MicroRNAs (miRNAs) regulate gene
expression by binding to and modulating the translation of specific
messenger RNAs. Here, the expression levels of all known miRNAs are
evaluated using a proprietary microarray detection system. These
high-throughput analysis tools are critical to identifying miRNA
function both in normal tissues and during tumorigenesis.
| Mar
31, 2005 |
| By:
David
Brown, Emmanuel
Labourier, Sapna
Chacko |
| Pharmaceutical
Discover |
|
MicroRNAs (miRNAs) are an important class of small (21–23 nt),
single-stranded RNA molecules expressed in animals and plants that
specifically regulate the translation of messenger RNAs (mRNAs).

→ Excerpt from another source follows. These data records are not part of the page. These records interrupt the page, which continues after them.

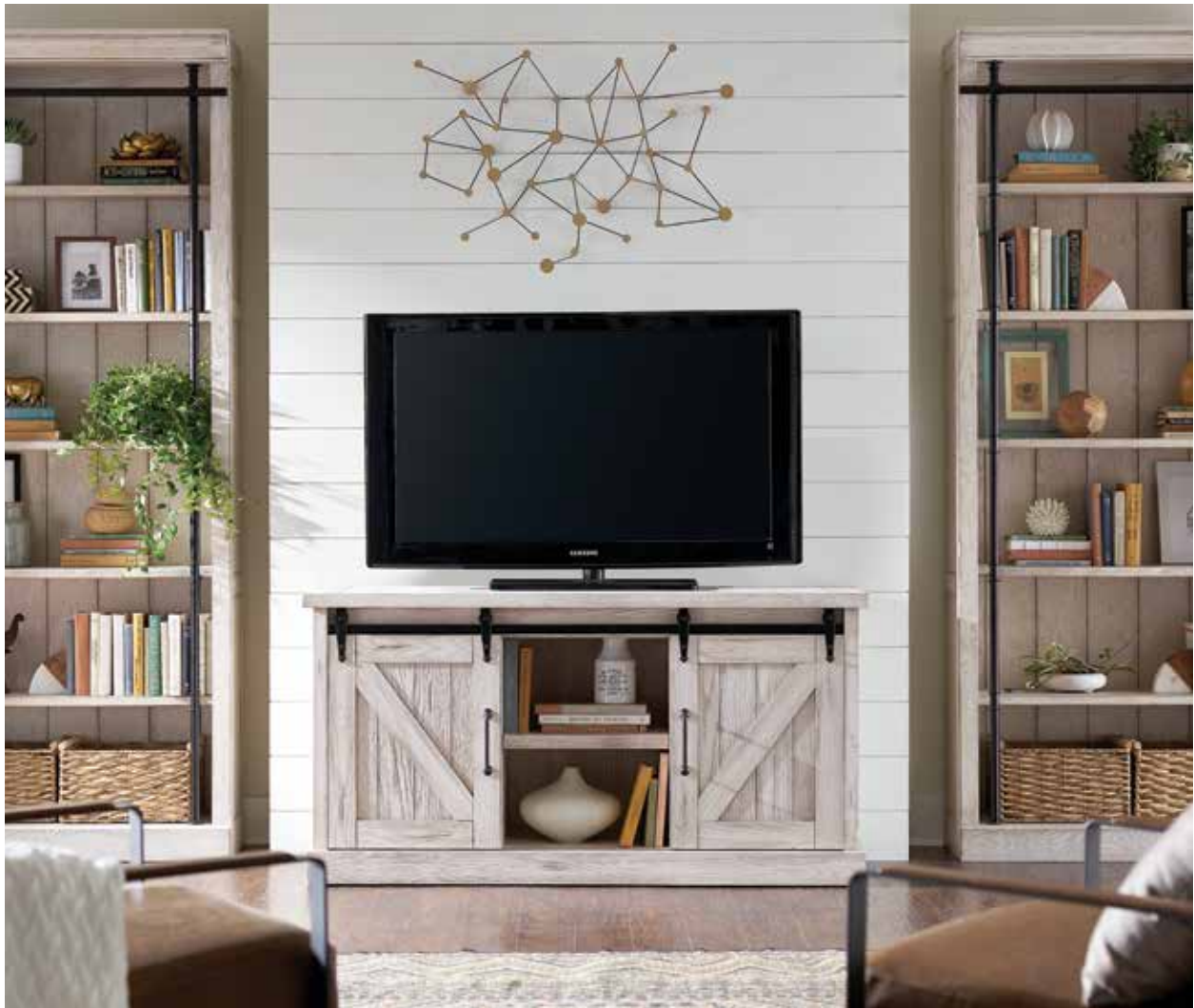
CONSOLE AE360 - 60w x 31h x 19d (AE360W / Farmhouse White, AE350G / Rustic Gray) Two sliding doors, Three adjustable shelves (Shown above in Farmhouse White)
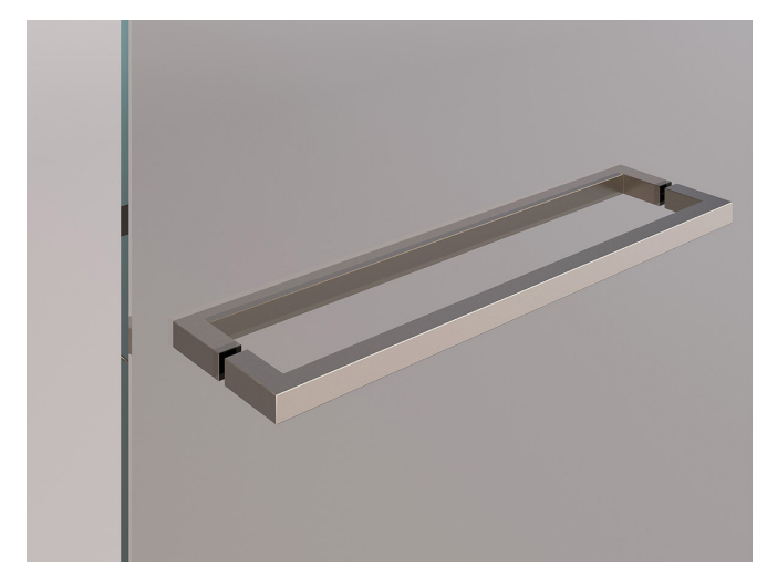
DOUBLE-SIDED TOWEL BAR
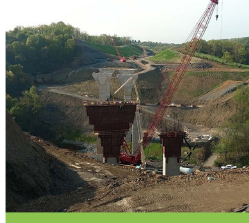
Bridge construction progress for future New England Road bridges.

• <u>Lower Camp Hollow</u> – Opened to thru traffic. Construction traffic will continue crossing utilizing flaggers while bridge construction is underway. This section of Lower Camp Hollow will be closed in the future to continue the rock slope work where the bridges cross.
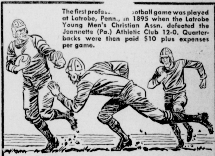
The first professional football game was played at Latrobe, Penn., in 1895 when the Latrobe Young Men's Christian Assn. defeated the Jeannette (Pa.) Athletic Club 12-0. Quarterbacks were then paid $10 plus expenses per game.
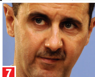
President Bashar al-Assad ( 2000 ).

Blueprint for long-term political, economic and social change has yet to be implemented
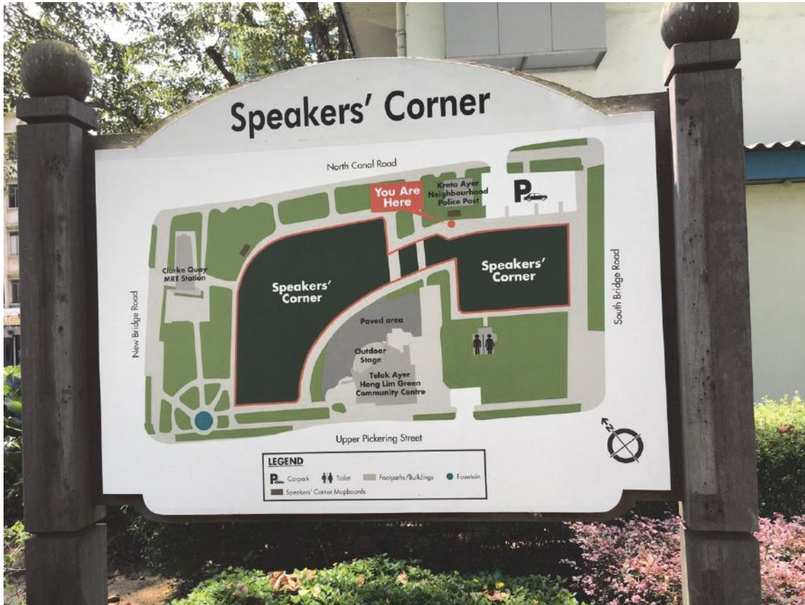
A map of Speakers' Corner, in Hong Lim Park, Singapore.

“participate” in any “assembly or procession.” 277 Non-citizens who “participate” in an assembly or procession face a fine of up to S$3,000, and organizers who permit participation of non-citizens face up to six months in jail or a fine of up to S$10,000. The rules do not define “participation,” but the police have made clear that the mere presence of a non-citizen at an assembly will be treated as participation and thus in violation of the law. 278 Prohibiting non-citizens from even entering the venue means that, where a family includes both a Singapore citizen and a non-Singapore citizen, the non-Singapore citizen is prevented from even observing, much less participating in, the event. 279

Although these evolutionarily conserved, non-coding molecules first were
identified in a genetic screen more than 10 years ago (1), the depth of
the miRNA gene class was recognized comparatively recently. As would be
expected for molecules that regulate gene expression, miRNA levels have
been shown to vary between tissues and developmental stages.
Characterization of a number of miRNAs indicates that they influence
processes such as early development (2), cell proliferation, cell death
(3), apoptosis and fat metabolism (4).
Figure 1. A schematic of miRNA
processing and activity. MicroRNAs are transcribed as parts of
primary RNA molecules as long as 1000 nt. Two dsRNA-specific
ribonucleases, Drosha and Dicer, digest the long RNA into the
precursor hairpin miRNA (70–100 nt) and the mature miRNA
(19–23 nt), respectively. The mature miRNA is bound by a
complex similar to the RNA-induced silencing complex (RISC) that
participates in RNA interference. (Image courtesy of ambion
inc.)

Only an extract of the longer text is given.